Exercise brief ▸ The answer is the data below, repeated exactly, with no pictures included.

Data block ▸
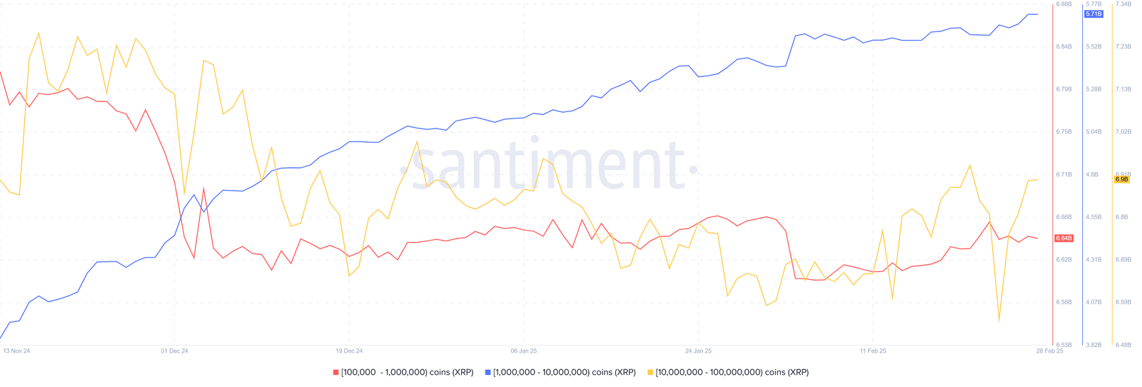 ومع ذلك، كانت محافظ عملة ريبل XRP الضخمة تشتري الانخفاضات بكثافة منذ انهيار السوق يوم الاثنين. خلال هذه الفترة، قامت المحافظ الضخمة التي تمتلك ما بين مليون إلى 10 مليون من عملة ريبل XRP و10 مليون إلى 100 مليون من عملة ريبل XRP بزيادة إجمالي حيازاتها بمقدار 440 مليون من عملة ريبل XRP، بقيمة تقترب من مليار دولار.
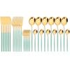 30Pcs Red Gold Dinnerware Set Western Stainless Steel Cutlery Knife Cake Forks Tea Spoon Flatware Silverware Kitchen Tableware
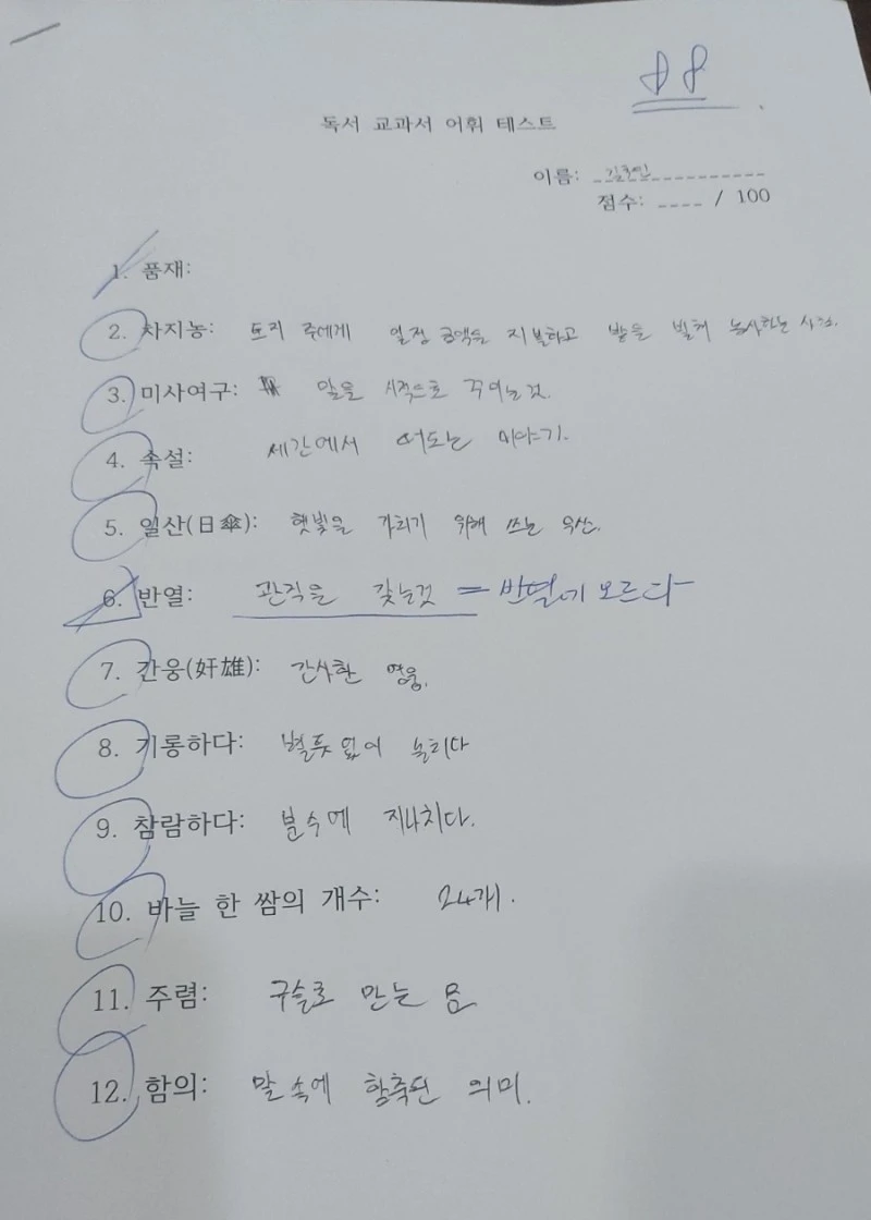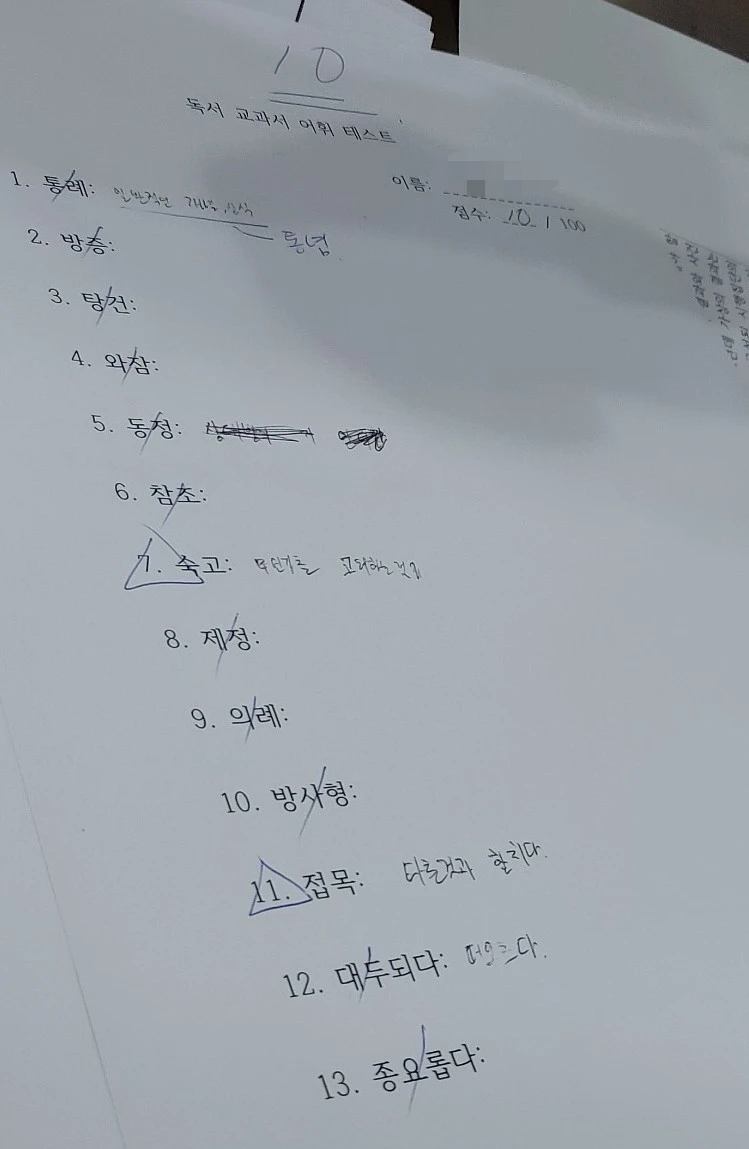 아들은 문장을 빠짐없이 읽긴 하지만 읽어내리는 속도가 많이 느렸다. 아무래도 어휘력이 부족해서 문장이해도가 낮다보니 글 읽는 속도가 느릴 수밖에 없었다. 시선추적 뒤 받은 어휘력 테스트에서도 겨우 10점을 맞았다.

Solution for this exercise ▸
 ومع ذلك، كانت محافظ عملة ريبل XRP الضخمة تشتري الانخفاضات بكثافة منذ انهيار السوق يوم الاثنين. خلال هذه الفترة، قامت المحافظ الضخمة التي تمتلك ما بين مليون إلى 10 مليون من عملة ريبل XRP و10 مليون إلى 100 مليون من عملة ريبل XRP بزيادة إجمالي حيازاتها بمقدار 440 مليون من عملة ريبل XRP، بقيمة تقترب من مليار دولار.
 30Pcs Red Gold Dinnerware Set Western Stainless Steel Cutlery Knife Cake Forks Tea Spoon Flatware Silverware Kitchen Tableware
 아들은 문장을 빠짐없이 읽긴 하지만 읽어내리는 속도가 많이 느렸다. 아무래도 어휘력이 부족해서 문장이해도가 낮다보니 글 읽는 속도가 느릴 수밖에 없었다. 시선추적 뒤 받은 어휘력 테스트에서도 겨우 10점을 맞았다.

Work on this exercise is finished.